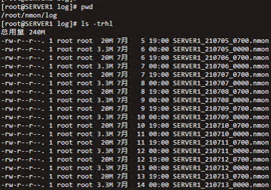 实现了的效果会生成两个日志文件,文件命名规则为:<主机名>_<日期>_<起始收集时间点>.nmon,我这里的是这样的:
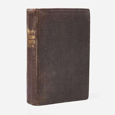 Washington (D.C.): Gales and Seaton, 1845. First edition, Senate issue. 8vo. (iii), 693, (2) pp. Illustrated with 23 lithographic plates and two (of three) folding maps (folding map normally found in rear pocket wanting, as usual). Publisher's brown cloth-covered boards, stamped in blind and in gilt, split in cloth in front joint; scattered foxing and offsetting to text and plates; contemporary inscription on front paste-down; pp. 164-173 sprung. Howes F 370; Sabin 25845; Streeter Sale VI: 3131; Hasse, p. 31
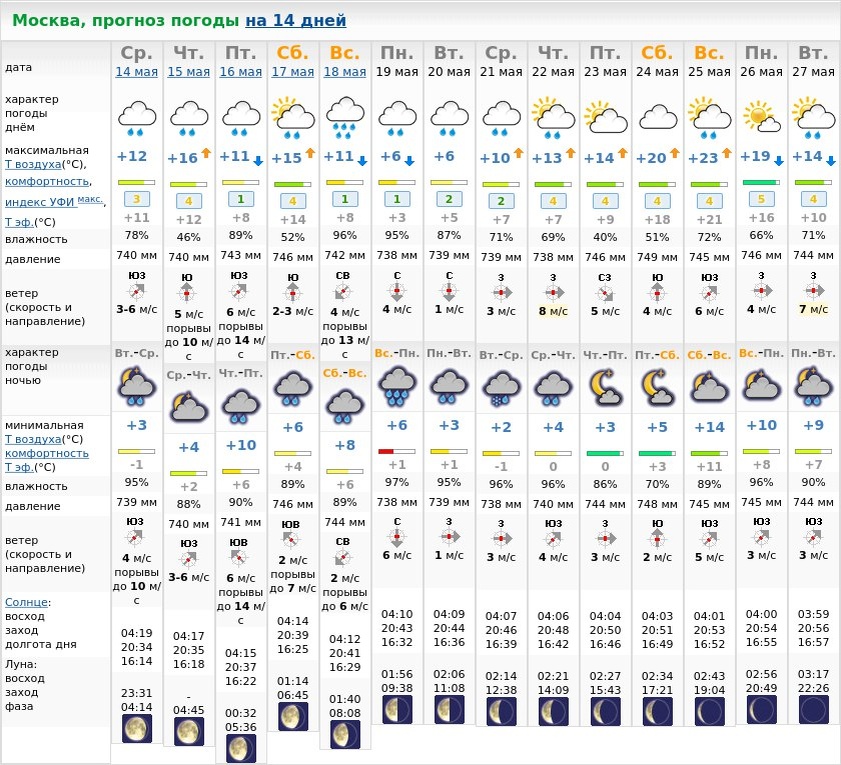 Прогноз погоды на 14 дней
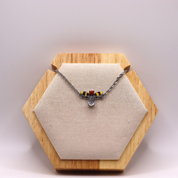 Armband met bijtje en bergkristal. Met schattige details zoals twee kleine robijnsteentjes als versiering. De armband is gemaakt van rvs en heeft een verstelbare sluiting.
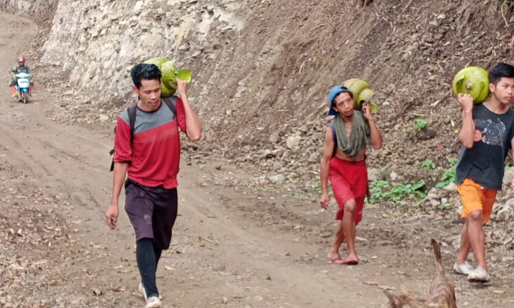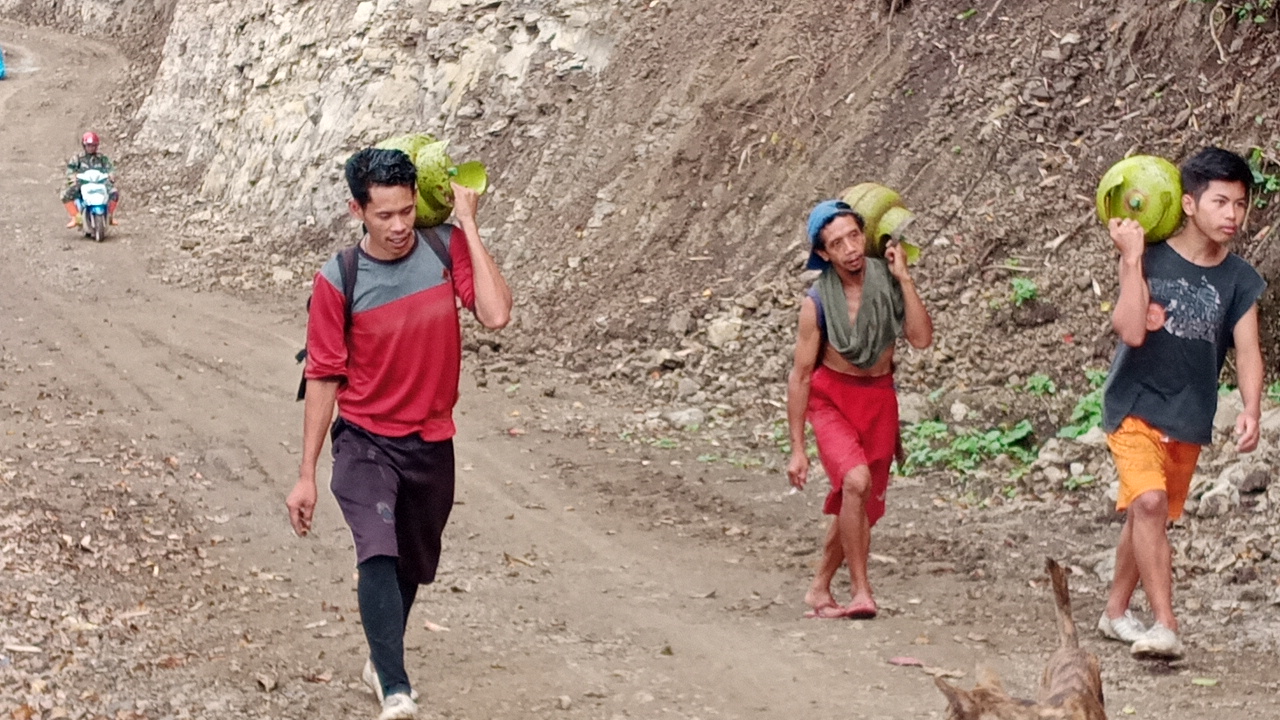 Warga memikul beras dan bahan-bahan lainnya, sambil berjalan kaki di jalan yang licin terguyur hujan ringan hingga ke kampung Tola.
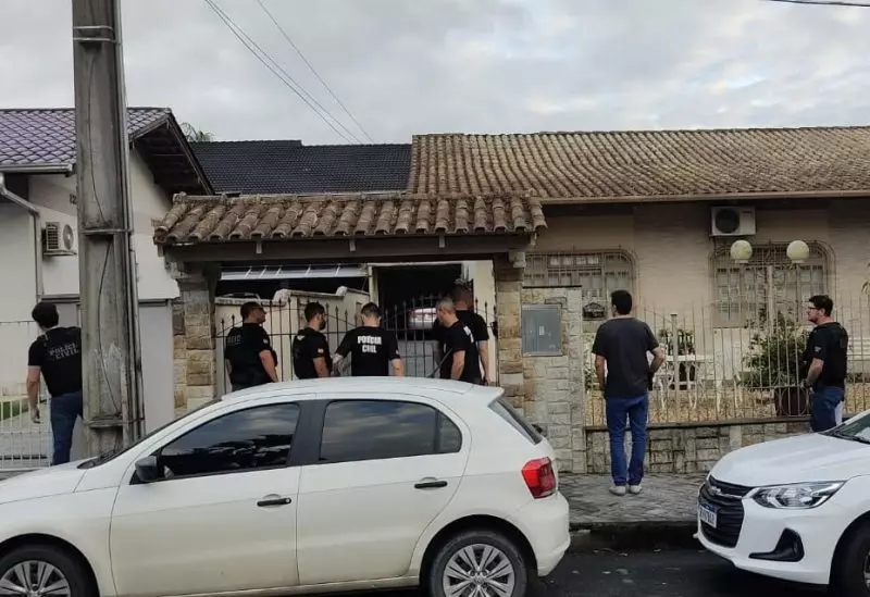 Imagens divulgadas pela Polícia Civil mostram os investigadores em frente à residência da família da jovem de Blumenau envolvida no caso, localizada no bairro Água Verde. Outra equipe realizou a operação em um restaurante nas proximidades da SC-421, em Pomerode, que tem ligações com os suspeitos.
————————
Try it
Reprint every record exactly and skip the pictures.

Answer box
 实现了的效果会生成两个日志文件,文件命名规则为:<主机名>_<日期>_<起始收集时间点>.nmon,我这里的是这样的:
 Washington (D.C.): Gales and Seaton, 1845. First edition, Senate issue. 8vo. (iii), 693, (2) pp. Illustrated with 23 lithographic plates and two (of three) folding maps (folding map normally found in rear pocket wanting, as usual). Publisher's brown cloth-covered boards, stamped in blind and in gilt, split in cloth in front joint; scattered foxing and offsetting to text and plates; contemporary inscription on front paste-down; pp. 164-173 sprung. Howes F 370; Sabin 25845; Streeter Sale VI: 3131; Hasse, p. 31
 Прогноз погоды на 14 дней
 Armband met bijtje en bergkristal. Met schattige details zoals twee kleine robijnsteentjes als versiering. De armband is gemaakt van rvs en heeft een verstelbare sluiting.
 Warga memikul beras dan bahan-bahan lainnya, sambil berjalan kaki di jalan yang licin terguyur hujan ringan hingga ke kampung Tola.
 Imagens divulgadas pela Polícia Civil mostram os investigadores em frente à residência da família da jovem de Blumenau envolvida no caso, localizada no bairro Água Verde. Outra equipe realizou a operação em um restaurante nas proximidades da SC-421, em Pomerode, que tem ligações com os suspeitos.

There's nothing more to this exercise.